Jay Z spoke in a two-part interview posted Wednesday to the rapper's "Life+Times" YouTube channel. He called Zimmerman an untrained amateur with no right to try to "defend" his neighborhood from black children on their way home from the store.
"This guy's not a professional," Jay Z said. "First of all, you're not a professional to profile someone. Professionals are taught not to profile … This guy is a novice. This guy is a f–king mall cop."
"You know, I was really angry about it, you know, that the thing that we all knew that there was still a bit of racism in America, but for it to be so blatant, it was like, if you just ask the question — ask yourself the question — didn't Trayvon have the right to stand his ground?" Jay Z said. "He was being chased, he was being chased and fought back.

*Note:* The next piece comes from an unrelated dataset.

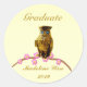 Goldene Eule auf Graduate Aufkleber. Die goldene Eule ist auf einem blühenden Baumzweig stehend. Text ist bereit, personalisiert zu sein.

You know, he may have won, that doesn't mean he's a criminal — he won! If you chase me and you try to attack me and I defend myself, how can I be in the wrong? How is that right?"
The rapper said that though the case was a stark reminder that racism still exists in America, he had hoped that something good could come out of it: "His memory will live on … Hopefully this is the moment that changed that law and changed the way we interact with each other."